=== Extracted data ===
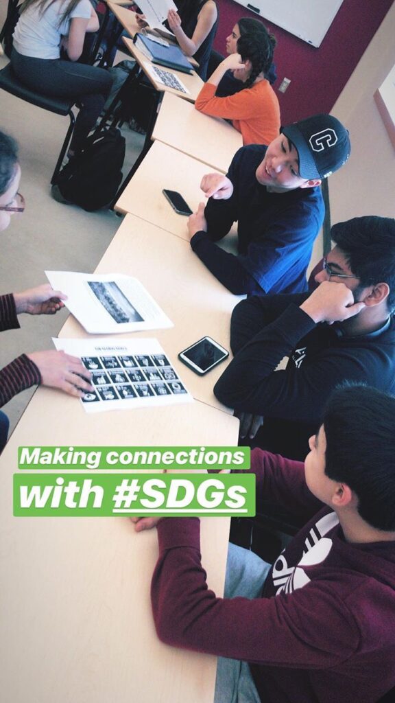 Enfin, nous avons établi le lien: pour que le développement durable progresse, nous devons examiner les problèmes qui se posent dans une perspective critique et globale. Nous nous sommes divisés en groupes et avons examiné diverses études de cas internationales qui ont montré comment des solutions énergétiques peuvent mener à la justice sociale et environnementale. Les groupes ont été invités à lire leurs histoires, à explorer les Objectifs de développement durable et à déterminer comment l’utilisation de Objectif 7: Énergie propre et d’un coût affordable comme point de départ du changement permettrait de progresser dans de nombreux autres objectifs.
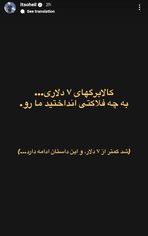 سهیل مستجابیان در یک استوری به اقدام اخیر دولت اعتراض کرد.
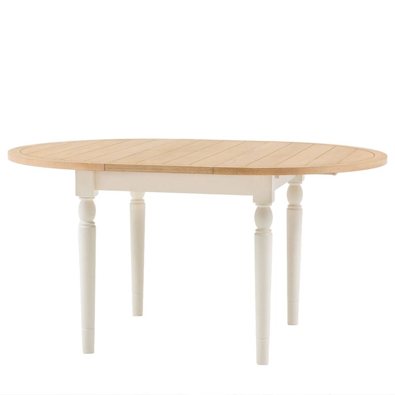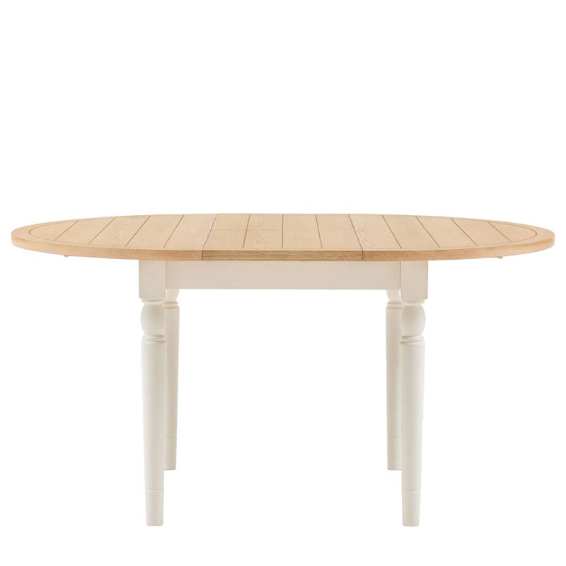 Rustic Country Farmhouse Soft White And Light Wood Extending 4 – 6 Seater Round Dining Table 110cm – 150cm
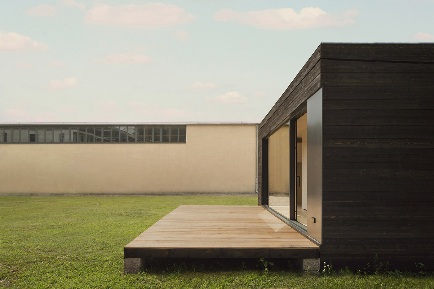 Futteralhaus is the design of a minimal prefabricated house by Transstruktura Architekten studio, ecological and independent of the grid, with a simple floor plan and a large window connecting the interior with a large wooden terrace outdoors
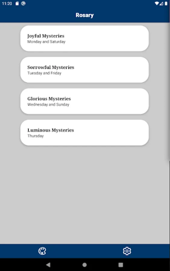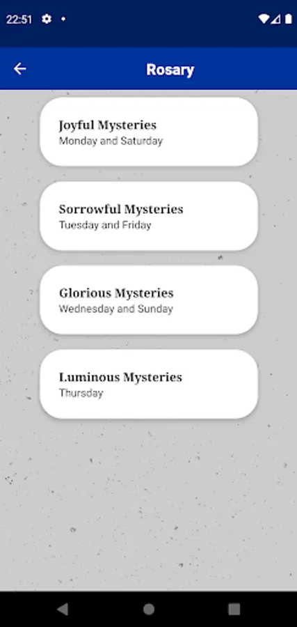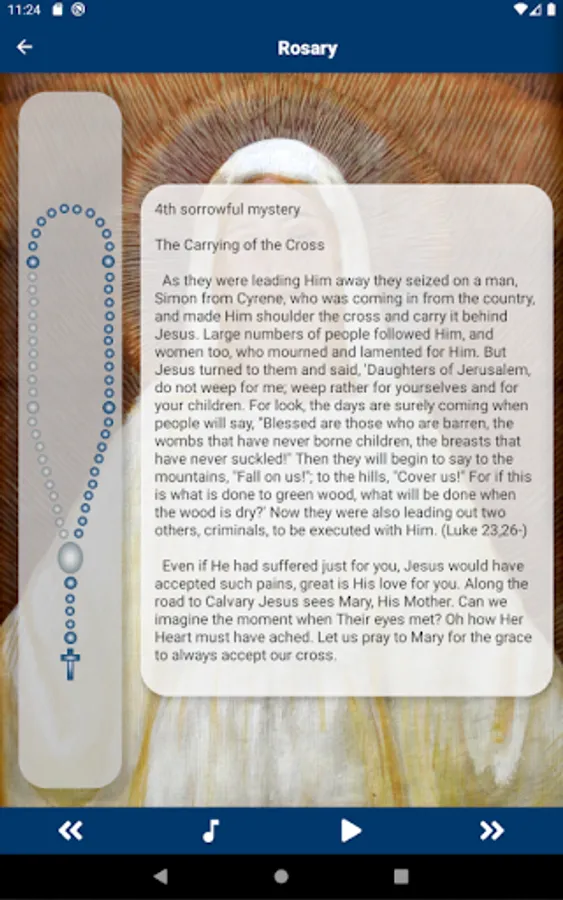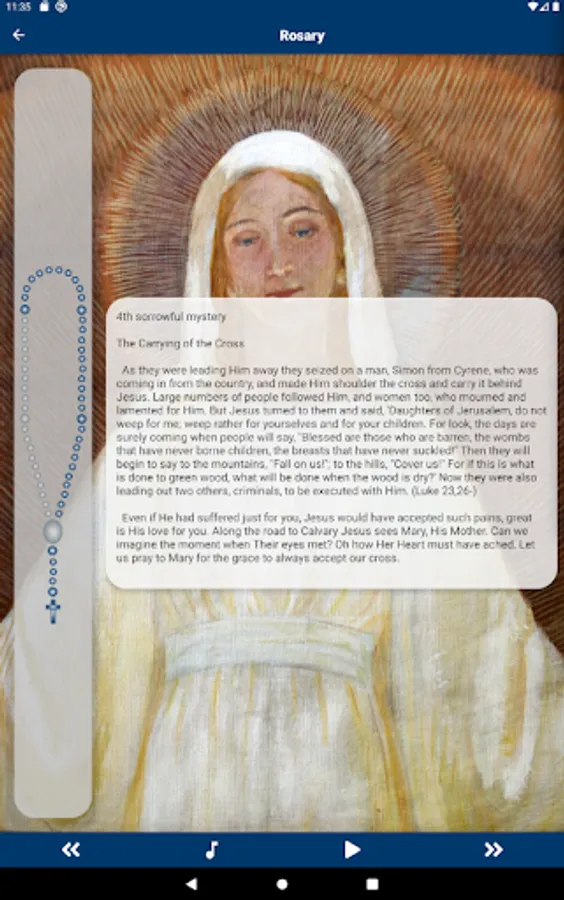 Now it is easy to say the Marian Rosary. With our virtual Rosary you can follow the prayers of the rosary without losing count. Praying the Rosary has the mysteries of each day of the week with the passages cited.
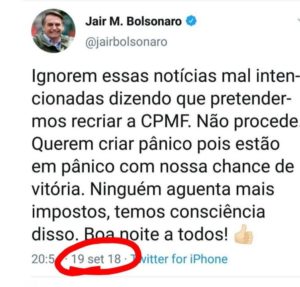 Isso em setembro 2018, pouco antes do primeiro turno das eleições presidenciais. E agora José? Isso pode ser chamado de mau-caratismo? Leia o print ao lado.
==
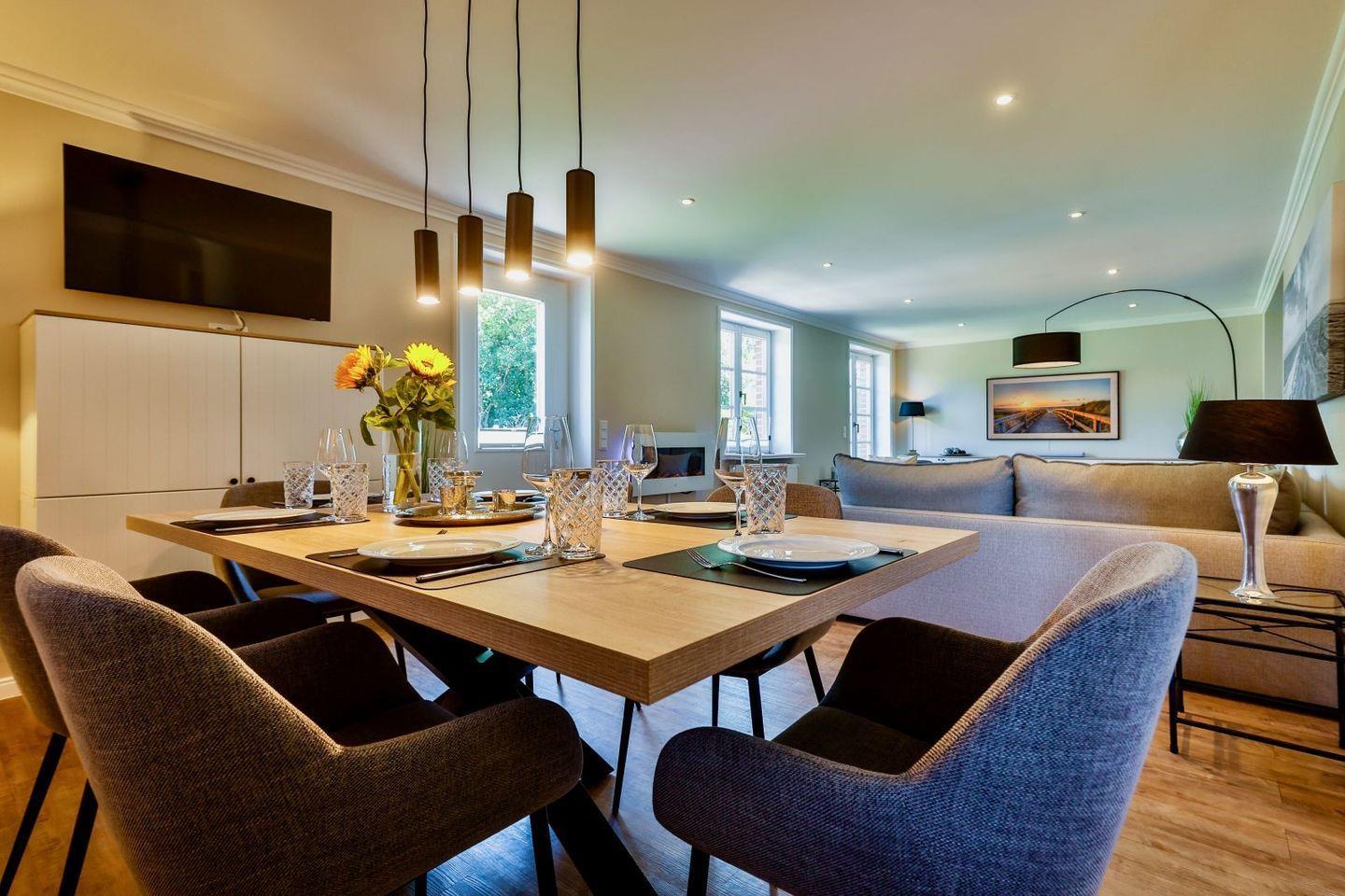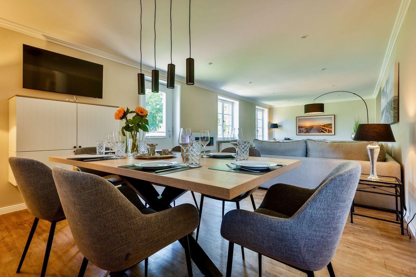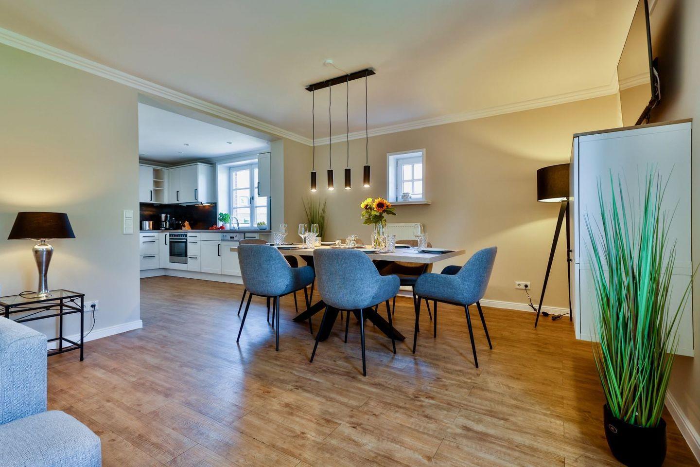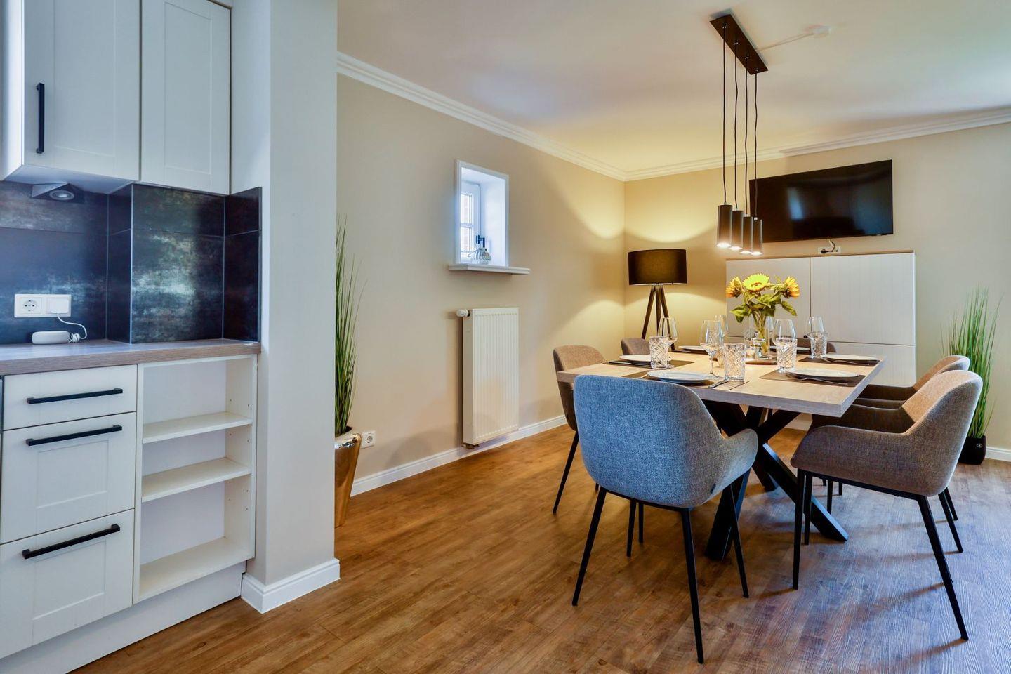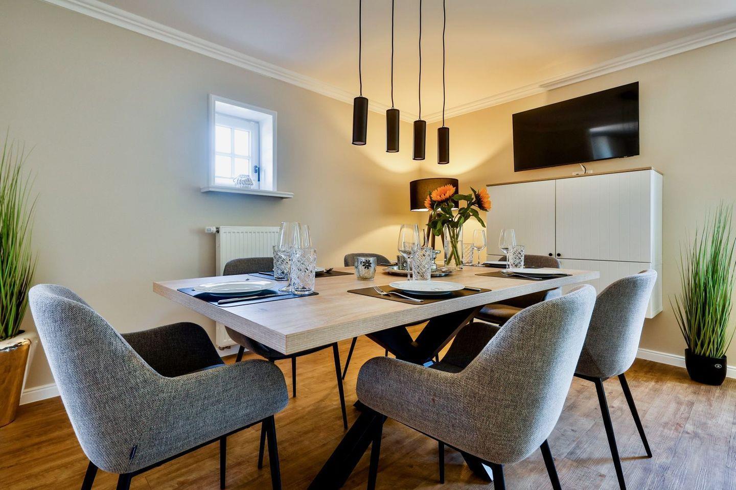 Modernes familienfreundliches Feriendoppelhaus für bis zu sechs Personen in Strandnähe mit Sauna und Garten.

=== Exercise details ===
Starting with the line that has "Now it is easy" and ending with the line that has "Isso em setembro", repeat the lines above exactly, omitting every picture.

=== Answer section ===
 Now it is easy to say the Marian Rosary. With our virtual Rosary you can follow the prayers of the rosary without losing count. Praying the Rosary has the mysteries of each day of the week with the passages cited.
 Isso em setembro 2018, pouco antes do primeiro turno das eleições presidenciais. E agora José? Isso pode ser chamado de mau-caratismo? Leia o print ao lado.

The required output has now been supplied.